苏兰嫣从小就只能在院墙里看着别家的小朋友玩儿,有时候在车里看着别的小朋友跳皮筋、踢毽子,她也想去,但是苏茗怕她出事,不让她去。
她只有那一方天地,一道院墙。
不过好在集团里有些兄弟家里也有女孩儿,苏茗看苏兰嫣一天天的大了,对外面的世界向往得厉害,隔三差五的就会请那些小姑娘来家里玩儿,让她们跟苏兰嫣做伴儿。
苏兰嫣长到了十几岁才有玩伴,自然兴奋莫名,把自己的漂亮衣服、首饰全都拿了出来让几个女孩子随便挑,又会让家里的佣人准备各种水果点心,把朋友们都照顾得很周到,大家也喜欢跟她玩。
后来的一天,她看见一个女孩不太舒服,就问她:“你怎么了?是生病了吗?我家有医生,我让医生过来给你看看吧。”

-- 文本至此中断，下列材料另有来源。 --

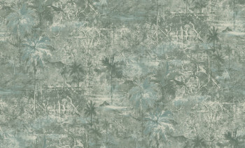 Non-woven wallpaper with a vinyl finish, palm tree motifs, green tones, and a fabric-like texture.
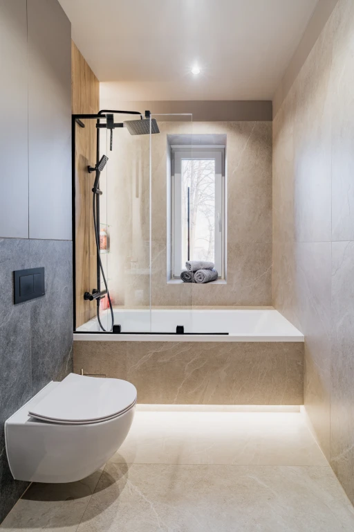 Beżowe płytki, struktura kamienia, ciepło drewna i czarna armatura budują nowoczesny, ale przytulny klimat. Wanna połączona z funkcją prysznica pozwala korzystać z przestrzeni elastycznie – szybko rano, spokojnie wieczorem.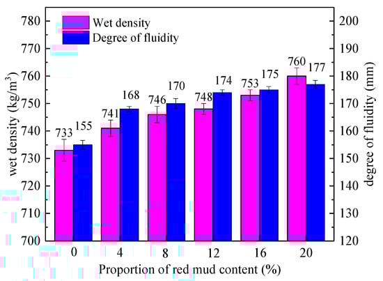 When the red mud content increased from 0% to 20%, both wet density and fluidity increased with the increase in red mud content. When the red mud content was between 4% and 20%, the fluidity of the foam light soil of red mud–bauxite tailings mud was between 168 mm and 177 mm, which meets the requirements of the specification and is conducive to filling.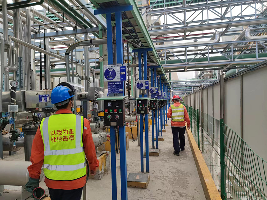 多元醇事业部进一步深入开展“黄马甲”管理活动,充分发挥领导示范作用,实施“部长、总监、责任单位负责人”三级人员穿甲引领示范,着“黄马甲”深入现场查找不安全行为和安全隐患,传授督察应知应会专业知识,做好安全第一吹哨人。
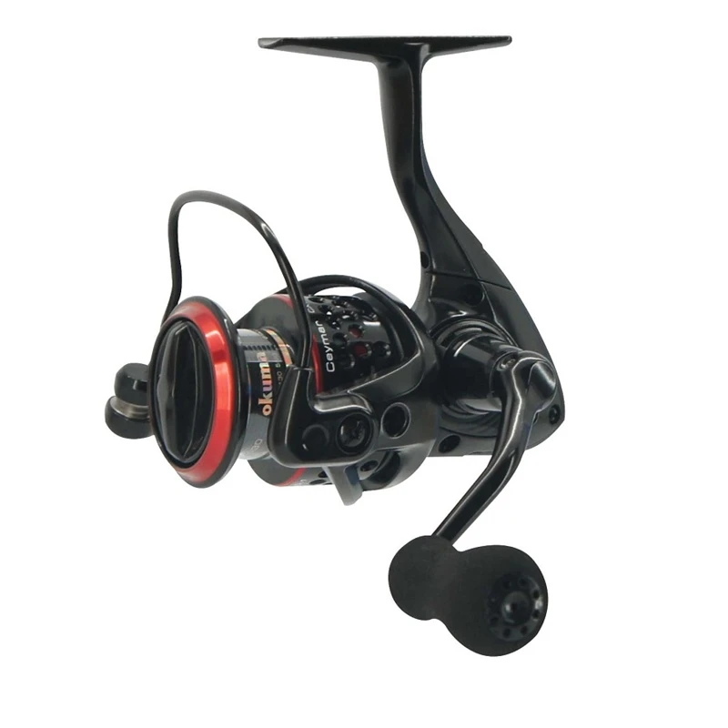 Okuma Ceymar XT spinning reels feature cyclonic flow rotor design Increase air flow through the ported rotor, minimizing water intrusion and corrosion. The precision elliptical gearing system creates less friction during casting for increased distance, greater accuracy, and longer line life, as well as smoother, much uniform drag pressures. The Ceymar XT series includes front drag and rear drag type with extra spool.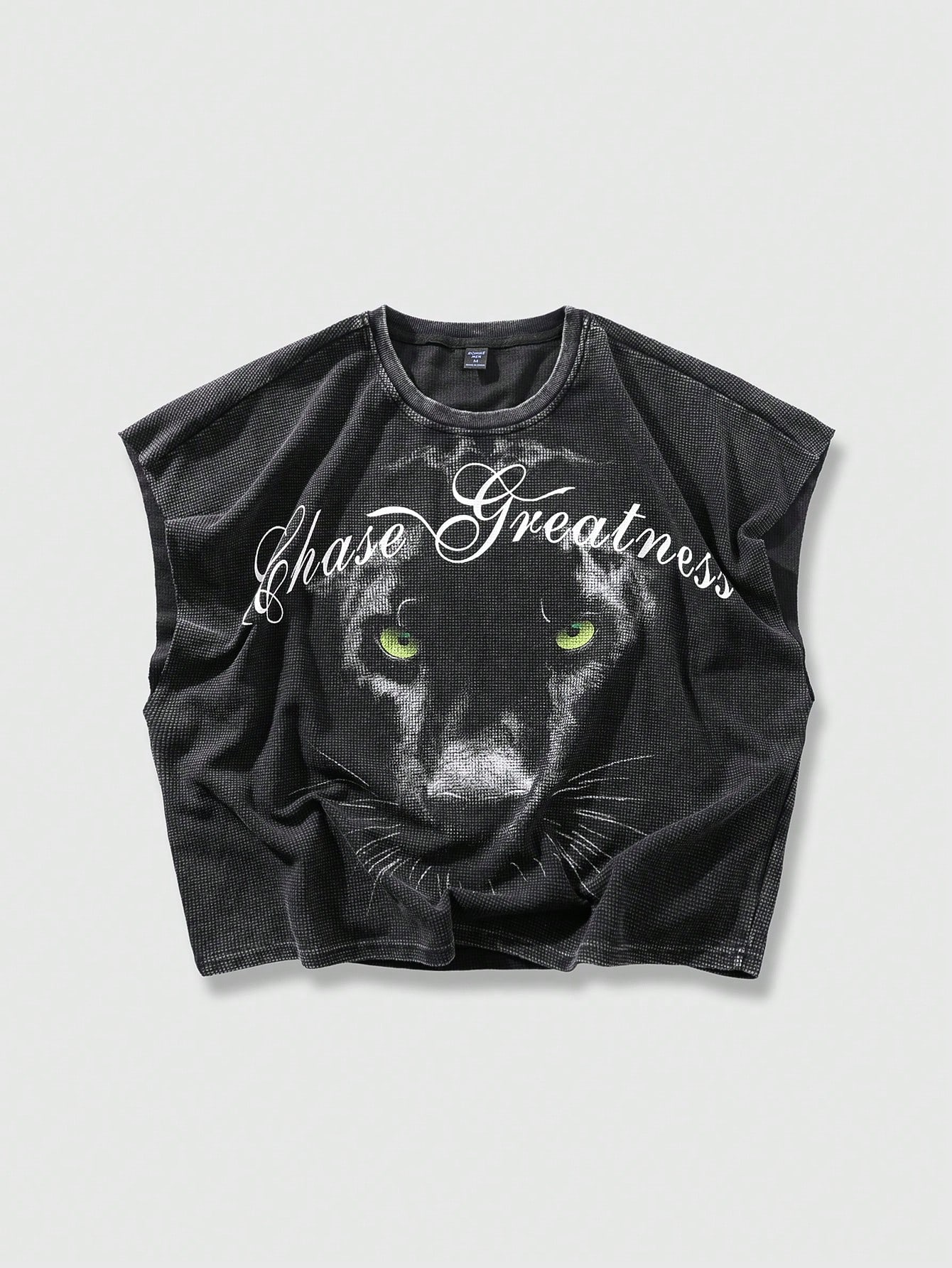 Street Life Canotta casual da uomo con stampa e scritta, vestibilità ampia, collo rotondo, estiva
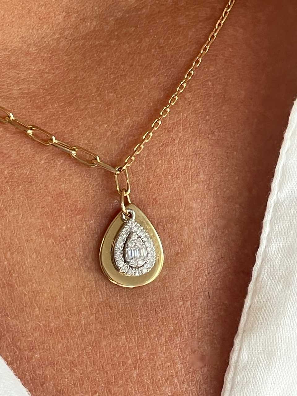 TAMARIN, es una cadena mixta de la que cuelga un colgante en forma de pera, con un centro de roseta de brillantes y baguettes sobre chapa lisa . Está realizado en oro blanco y amarillo de 18 kilates.

那个女孩摆了摆手说:“不是生病,昨天我们班有个同学过生日,非拉着去KTV唱歌,唱得晚,又喝了好多酒,头疼。”
苏兰嫣穿着浅蓝色的裙子,并着腿跪坐在沙发上,一双眼睛有些发亮,“KTV?”
“对啊。”看到苏兰嫣那副憧憬的样子,女孩问,“就是唱歌的地方,兰嫣,你没有去过吗?”
苏兰嫣就很失落的摇摇头,“爸爸不让我去那些地方。”
女孩沉默了一会儿,突然笑着摆了摆手,“其实也没什么好玩的。”
那天晚上,女孩们走了以后,苏兰嫣就抱着电脑找KTV的视频,找到了好多,有彩色的旋转灯,可以嘶吼着唱歌,还有人在里面跳舞。
她好想去。
外面有人敲门,她小跑着去打开了,就看到苏茗站在门口。
“兰嫣,佣人说你晚上都没怎么吃饭,怎么不吃啊?”苏茗问。
他在外面的时候很威严,很有气势,可是在苏兰嫣面前,他就一直都是慈爱的父亲,基本上没跟苏兰嫣发过脾气。
苏兰嫣说不想吃,又跟苏茗问:“爸爸,我能去KTV玩吗?”
“去那种地方干什么?”苏茗揉了揉苏兰嫣的头发,“那种地方太乱了,不安全,别去,乖。”